━━ EXERCISE MATERIAL ━━

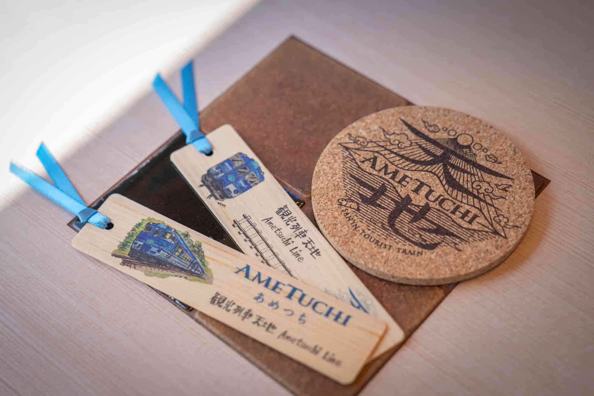 物販カウンターでは、山陰の地酒やおつまみ、お菓子のほか、車内限定のオリジナルグッズも販売。斐伊川和紙を使った便箋や封筒、木製のブックマーカーなど、旅の記念やお土産に最適だ。
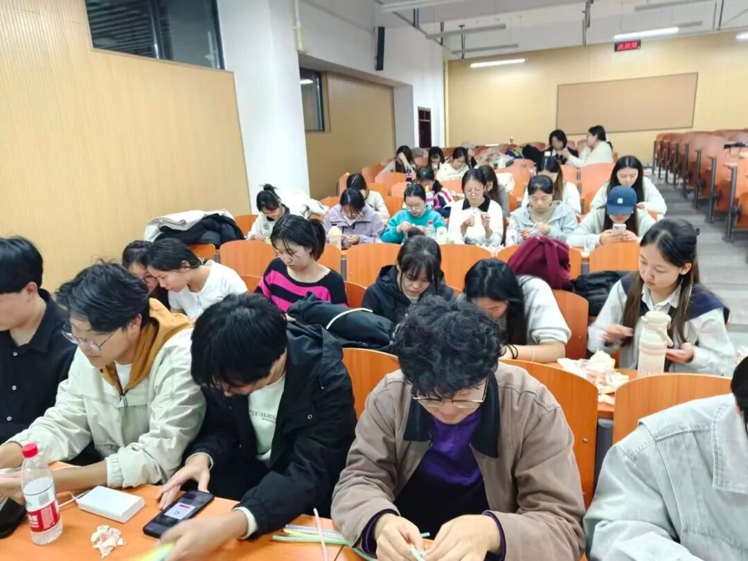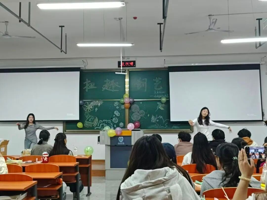 活动伊始,一首吉他弹唱点燃全场热情,紧接着,拉丁舞和双人民族舞表演强势接档,之后,两位男生的合唱使现场氛围达到了高潮。随后,扭扭棒手工体验接力开启,五颜六色的扭扭棒被整齐码在盒子里,同学们各展其才将其扭出丰富的形状。最后,抽奖环节为活动画上圆满句号。
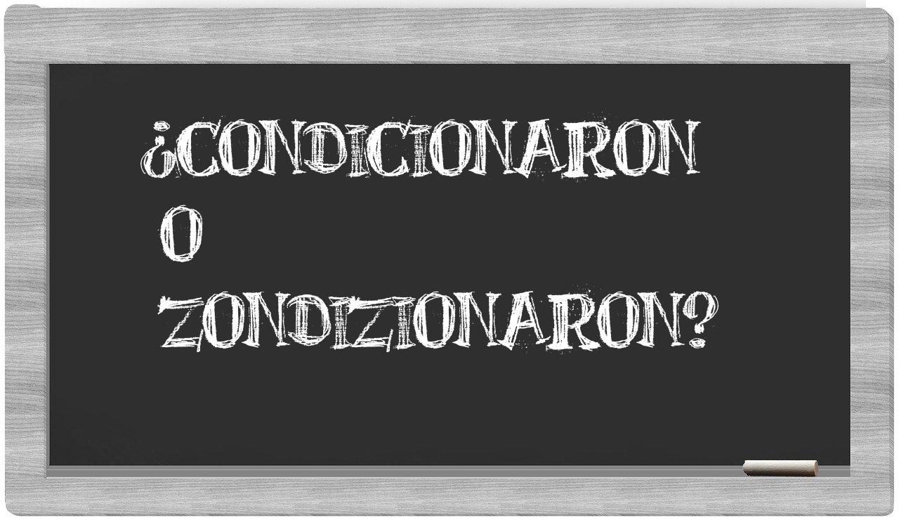 Cuando se presente la elección entre condicionaron y zondizionaron, no caben dudas en tu decisión, puesto que únicamente condicionaron es la forma correcta de escribirlo. La palabra zondizionaron no figura en el Diccionario de la Real Academia Española.
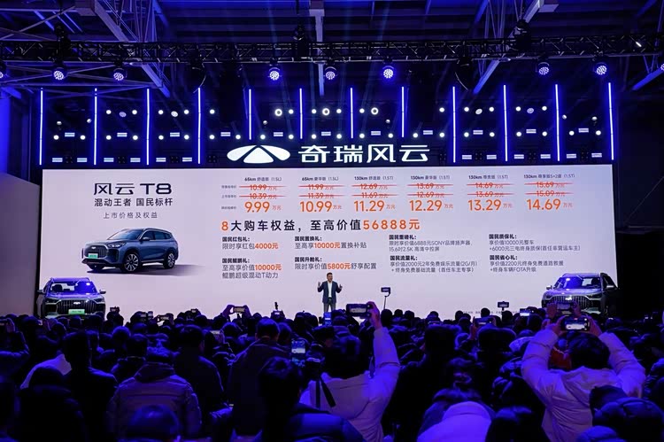 2月22日,奇瑞风云T8正式在青岛全球上市,新车共推出6款版型,官方指导价为10.39万元-15.09万元,限时抢鲜价低至9.99万元起。作为奇瑞风云序列新春推出的首款车型, 风云T8(参数|询价)定位“10万级5+2座超级电混SUV”,这款车承载着奇瑞在新能源领域的最新技术成果,也瞄准了当下消费者对混动SUV的多元需求。
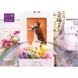 プリザーブドフラワー ギフト メモリアル 虹の橋フォトフレーム オーダーメイド 名入れ ペット お供え 花 写真立て お悔やみ 犬 猫 うさぎ
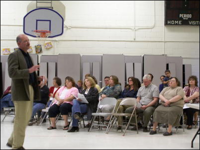 Board members enjoy student presentations Projects, activities and accomplishments were highlighted by the Arnoldsburg School's Local School Improvement Council Tuesday evening, a presentation before the local school board. Arnoldsburg principal Bryan Sterns said he was proud of his staff and parents, many of which are involved in school activities and projects. Dottie Nemitz presented a video produced by the school's students with the help of Jim Sullivan, which helped with the school's fundraising to purchase and install new lockers, a $15,000 project. Arnoldsburg teacher Tami Allen told board members about the school's students reaching education benchmarks, acknowledging their accomplishments. A number of other LSIC members discussed WESTEST data, good school attendance, successful fundraising efforts of the PTO, Heads Up, and other accomplishments. The 2008-2009 School Calendar was approved. Early dismissal was approved for Professional Development to Implement County Improvement Plan, tentative dates April 25, May 23, June 6. The board went into executive session for 20 minutes related to personnel matters. The board approved the following personnel actions: - Job Postings: Title I Supervisor (Central Office) 07-08; Instructional Technology Supervisor (County) 07-08; Director of School Improvement (Central Office) 07-08 - Amended; Custodian III (Pleasant Hill Elementary) 08-09; Custodian III (Calhoun Middle/High School) 08-09; Cook III/Cafeteria Manager (Pleasant Hill Elementary) 08-09; Science Teacher (Includes Biology) (Calhoun Middle/High School) 08-09. - Employment: Probationary Contracts for Marisha Collins and Wilbert Kerby; Roy Davidson, Richard Parsons, Mathew Taylor, Kevin Boak, Jason Walker, Shelly Mace, Lisa Walker, Daniel Beall, Bonnie Sands, Melanie Garrett, Ashley Fox, Samantha Jarvis Bobbi Bell, Robyn Ellison, Tami Allen, Patricia Riddle, Whitney Ritchie, Ernest Tingler. - Continuing Contracts: Barry Miller, Shelly Ratliff, Kristin Smith, Adam O'Harrow, Seana Miller, Jamie Wagoner, Connie Summers, Teresa Goodnight, Amber Ganoe, Casey Harris, Melissa Jones, Joyce Morgan. Mrs. Dale moved and Mr. Wilson seconded that Special Education Supervisor contract be changed to 240 days, with the motion carrying unanimously. - Administrative Contracts: Kathryn Nichols - Special Education Supervisor; Patricia Riddle - Director of Finance; Karen Kirby - Principal - Calhoun Middle/High School; Carla Taylor - Assistant Principal - Calhoun Middle/High; School Bryan Sterns - Principal - Arnoldsburg Elementary; Jacqueline Shimer - Principal - Pleasant Hill Elementary. - Employee Transfer: Melanie Garrett - Elementary Teacher (CMHS) 08-09. - Transportation Request: WVU-P, Parkersburg, College Tour, April 29, 2008, Melissa Jones; Bridgeport High School, Academic Team, April 19, 2008, Norma Randall-Myers. - Finance: 2008-2009 Budget Hearing; 2008-2009 Budget Approval. School board members expressed appreciation to Arnoldsburg school faculty, staff and students. Board president Lee Evans spoke about funding for new wrestling mat. The next board meeting is May 5th at Mt. Zion.
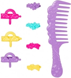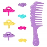Clame colorate, agrafe și un pieptene lat facilitează descurcarea și fixarea fermă a noilor coafuri, fără smulgere.
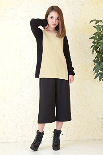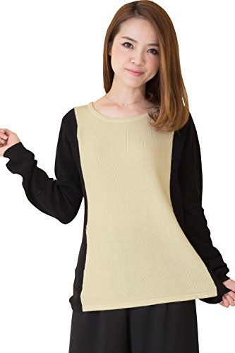 Sweet Mommy オーガニックコットン100% Aライン バイカラー ふっくら片畦編み ニット 赤ちゃんのお肌にも安心 授乳トップス セーター 産前産後 授乳服 / マタニティ L ライトベージュ×ブラック
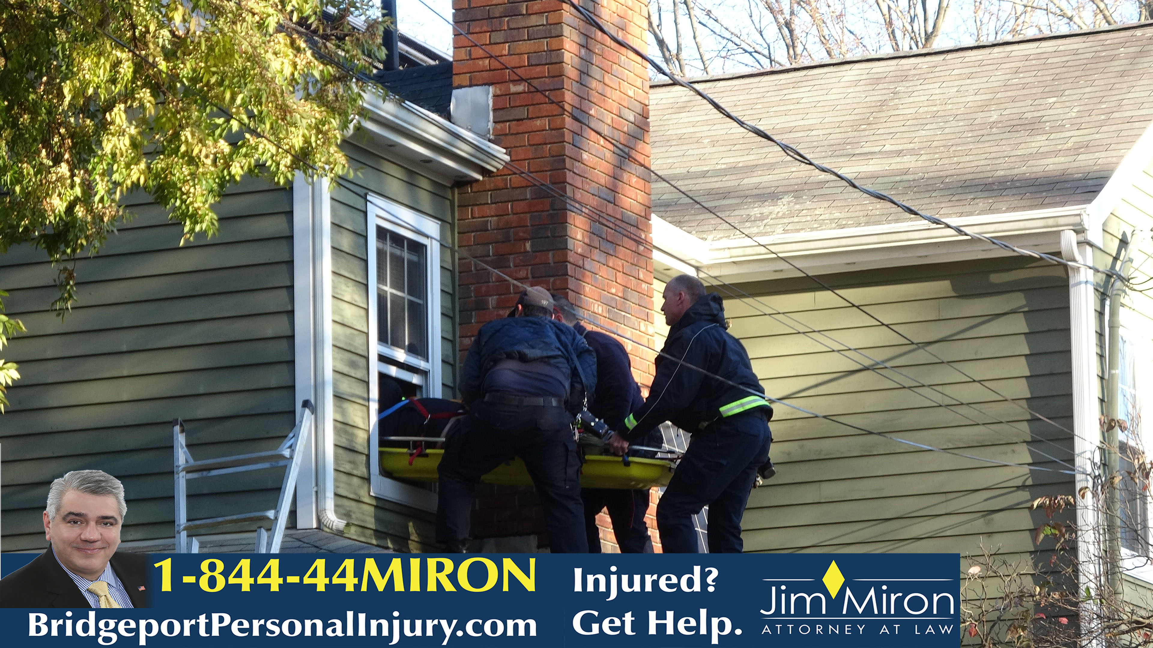 2019-11-08@3:10pm–#Fairfield CT– A worker fell about 10-12 feet from one roof onto another possibly breaking his ankle (radio reports said his ankle was deformed) in the 200 block of Elm Street. First responders got him on a stokes stretcher, transported him into the house through a bedroom window.

━━━

> _TASK TO COMPLETE_:
The answer should contain nothing but the lines from the top of the data above through the line containing "プリザーブドフラワー ギフト メモリアル", copied exactly, with no images.

> _REPLY_:
 物販カウンターでは、山陰の地酒やおつまみ、お菓子のほか、車内限定のオリジナルグッズも販売。斐伊川和紙を使った便箋や封筒、木製のブックマーカーなど、旅の記念やお土産に最適だ。
 活动伊始,一首吉他弹唱点燃全场热情,紧接着,拉丁舞和双人民族舞表演强势接档,之后,两位男生的合唱使现场氛围达到了高潮。随后,扭扭棒手工体验接力开启,五颜六色的扭扭棒被整齐码在盒子里,同学们各展其才将其扭出丰富的形状。最后,抽奖环节为活动画上圆满句号。
 Cuando se presente la elección entre condicionaron y zondizionaron, no caben dudas en tu decisión, puesto que únicamente condicionaron es la forma correcta de escribirlo. La palabra zondizionaron no figura en el Diccionario de la Real Academia Española.
 2月22日,奇瑞风云T8正式在青岛全球上市,新车共推出6款版型,官方指导价为10.39万元-15.09万元,限时抢鲜价低至9.99万元起。作为奇瑞风云序列新春推出的首款车型, 风云T8(参数|询价)定位“10万级5+2座超级电混SUV”,这款车承载着奇瑞在新能源领域的最新技术成果,也瞄准了当下消费者对混动SUV的多元需求。
 プリザーブドフラワー ギフト メモリアル 虹の橋フォトフレーム オーダーメイド 名入れ ペット お供え 花 写真立て お悔やみ 犬 猫 うさぎ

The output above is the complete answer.